When it comes to power distribution to local grids we have to go back in time. More than a hundred years ago the electric distribution system developed by Thomas Edison was designed around direct current (DC) architecture. Because of the technical limitations of the time regarding transmission capabilities, the system shifted to an alternating current (AC) model. Nowadays, the traditional distribution of power requires generating it in power plants with large capacity. The pipeline follows as this generated power is then transmitted as high voltage AC (HVAC) through overhead lines. This HVAC is then fed to substations that convert it into medium voltage AC. The substations distributes then the medium voltage to smaller regions, where it’s finally converted into a low voltage AC to supply “the last mile” of the distribution network.

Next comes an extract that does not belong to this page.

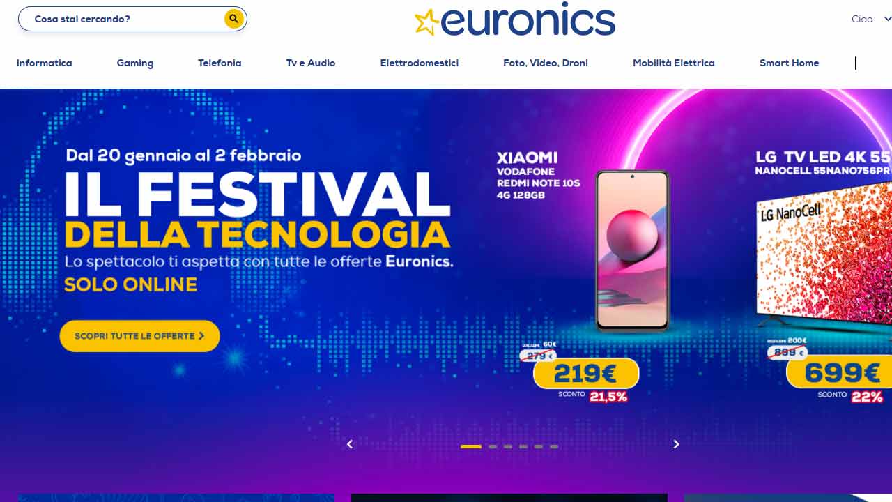 Partono oggi, giovedì 20 gennaio, le nuove offerte volantino Euronics. Contrassegnate come “Il festival della tecnologia“, le promozioni della nota catena di elettronica si protrarranno fino al prossimo 9 febbraio e saranno disponibili presso punti vendita dei principali gruppi Euronics Dimo aderenti all’iniziativa (nello specifico, Lombardia, Piemonte, Veneto, Trentino, Liguria, Emilia Romagna, Valle d’Aosta e Sardegna). Non appare casuale il riferimento al “festival”, tenuto conto che non manca poi così molto all’inizio del Festival di Sanremo 2022.

Today, however, home and personal appliances (ovens, microwaves, laptops, everything) are powered by DC, which means that every time we plug in an appliance, it requires a converter to switch power from mains AC to DC to power the appliance. The problem with AC to DC conversion is that the process produces power loss of around 3% (depending on the case and equipment). Energy saving in this case is not only related to significantly economical benefits but also is relevant in a world where environmental protection is a main trend in the global agenda. Hence, if we extrapolate the volume of households connected to the grid and calculate the amount of energy lost in conversion from AC to DC, this power loss is a matter that requires addressing.
The centralized AC power model is also being challenged by the emergence of distributed power sources. Today, power is still generally generated by centralised, fossil fuel powered plants that generate AC current. As we transition from traditional fossil fuels to green energy, power is increasingly being decentralised due to the nature of alternative energy sources (solar, wind, tidal). These also produce power in DC, again raising concerns of energy efficiency if integrated into traditional AC networks. Furthermore, given the intermittent nature of alternative power generation, energy storage units (large-scale batteries like Tesla’s giant battery in Australia) must be present in the network to deliver uninterrupted power supply. These cutting edge batteries also deal with electricity in DC. As we transition away from a traditional, centralised fossil fuel based power network towards a distributed green power network, AC seems to be an increasingly unattractive investment option when considering future scenarios.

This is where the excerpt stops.